Pubblicato il: 16/01/2020 alle 09:54
Marco Petrini, magistrato in servizio alla Corte d'Appello di Catanzaro, e due avvocati, uno del Foro di Catanzaro e l'altro di Locri, sono stati arrestati dalla Guardia di finanza per corruzione in atti giudiziari. I destinatari dei provvedimenti sono otto, dei quali sette con custodia cautelare in carcere e uno ai domiciliari. Le indagini, avviate nel 2018 e coordinate dalla Dda di Salerno, hanno permesso di ricostruire "una sistematica attività corruttiva" nei confronti del magistrato.
In cambio del suo intervento "per ottenere, in processi penali, civili e in cause tributarie – è scritto in un comunicato – sentenze o comunque provvedimenti favorevoli a terze persone concorrenti nel reato corruttivo", gli indagati promettevano e consegnavano a Petrini denaro contante, oggetti preziosi, altri beni e utilità, tra cui anche prestazioni sessuali. "In taluni casi, i provvedimenti favorevoli richiesti al magistrato e da quest'ultimo promessi e/o assicurati, erano diretti a vanificare, mediante assoluzioni o consistenti riduzioni di pena, sentenze di condanna pronunciate in primo grado dai tribunali del distretto, provvedimenti di misure di prevenzione, già definite in primo grado, o sequestri patrimoniali in applicazione della normativa antimafia, nonché sentenze in cause civili e accertamenti tributari".
Petrini è presidente di sezione della Corte d'Appello di Catanzaro, nonché presidente della Commissione provinciale tributaria del capoluogo calabrese.
Altra figura centrale del sistema corruttivo era un insospettabile medico in pensione ed ex dirigente dell'Azienda sanitaria di Cosenza.
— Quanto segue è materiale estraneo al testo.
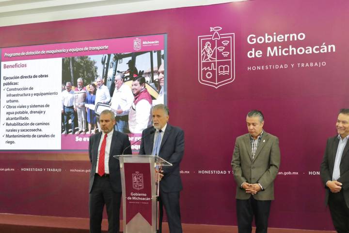NOTICIAS 07/12/2022Asumirá Gobierno de Michoacán 100% costo de maquinaria otorgada a 78 municipiosCon la finalidad de apoyar a los municipios michoacanos, el gobernador Alfredo Ramírez Bedolla, informó que el Gobierno cubrirá el costo total de la maquinaria que se otorgó dentro del Programa de Dotación de Maquinaria y Equipos de Transporte, con una inversión de 317 millones de pesos.

Il medico, secondo quanto emerso, "stipendiava" mensilmente il magistrato per garantirsi il suo asservimento e procacciava nuove occasioni di corruzione proponendo a imputati in primo grado o loro parenti, e a privati soccombenti in cause civili, decisioni favorevoli in cambio di denaro, beni o altre utilità.
Le attività, documentate attraverso intercettazioni audio e video, hanno portato anche alla luce un'azione corruttiva riguardante l'ottenimento di un vitalizio da parte di un ex consigliere regionale, condannato nel 2004 a sei anni di reclusione e ad interdizione perpetua per reati tra i quali 110 e 416 bis, perciò decaduto dal beneficio, ma anche ad agevolare alcuni candidati impegnati per il superamento del concorso per l'abilitazione alla professione di avvocato.
Le indagini hanno inoltre accertato, grazie a ricostruzioni bancarie e conversazioni intercettate, la grave situazione finanziaria del magistrato alla base della sua costante necessità di approvvigionarsi di denaro. Durante una perquisizione nell'abitazione del magistrato, è stata trovata e sequestrata la somma contante di 7mila euro custodita all'interno di una busta. Numerose le perquisizioni condotte nei confronti di altri coindagati, di terzi e di società.